Georges Perec: A Life in Words presents a captivating portrait of an enigmatic writer. David Bellos re-creates in minute detail the historical and social evolution of twentieth century France, and in particular of the literary world of the 1960’s and 1970’s, while being equally meticulous in recounting Perec’s development from the orphaned young boy, unremarkable in many ways, to the writer, mischievous and deeply committed to the ideal of originality.

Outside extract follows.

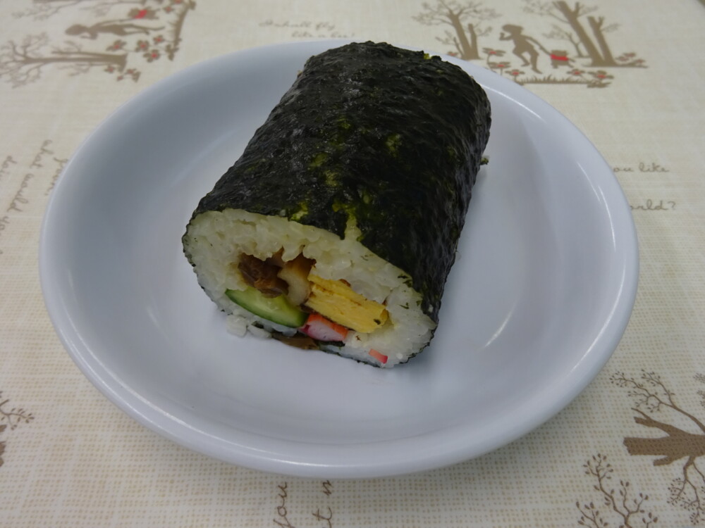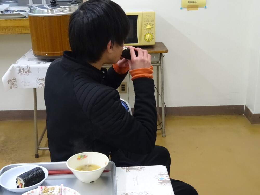 山梨県立都留高等学校定時制 > 活動の様子 > 学校の様子 > 節分の恵方巻 2023年2月6日カテゴリー: 活動の様子 学校の様子 節分の恵方巻 昨年7月に本校の給食献立例を御紹介しましたが、覚えていらっしゃる方も多いかと思います。2月3日(金)には、調理員の大家さんが毎年恒例の恵方巻を作ってくださいました。今年の恵方、南南東に向かって思い思いに願い事をしながら、皆で黙々といただきました。大家さんの愛情たっぷりの給食にパワーをもらい、生徒一同は今日も勉学に励みました。

Georges Perec was born to Icek (Izie) and Cyrla (Cécile) Perec, Polish Jews, on March 7, 1936, in Paris. He spent his first years in Paris in a multilingual environment, with French, Yiddish, Polish, and German being the most commonly used languages within the extended family and snatches of Russian, Czech, Hungarian, and Romanian heard in the streets. There is evidence that Perec understood and spoke some Yiddish and that he knew some words of Polish as well. In W ou le souvenir d’enfance (1975; W: Or, The Memory of Childhood, 1988), Perec recounts the rapture of his family when, at the age of three, he pointed to a Hebrew letter and called it by its name. This evanescent memory of the first letter of his life is one of the initial signs of his fascination with language and the written letter.

When France and Great Britain declared war on Germany after Adolf Hitler’s invasion of Poland in September, 1939, Izie Perec, thirty years old, was one of many thousands of Jews who quickly enlisted. In W, Georges Perec describes his father as a doughty fighter with foolish bravado. On June 15, 1940, Izie’s regiment suffered many casualties, and Izie himself was killed. The effect of this death on the young Perec, also known as Jojo, is not known, but for Izie’s wife Cécile, his mother Rose, and his sister Esther, it was a grievous blow.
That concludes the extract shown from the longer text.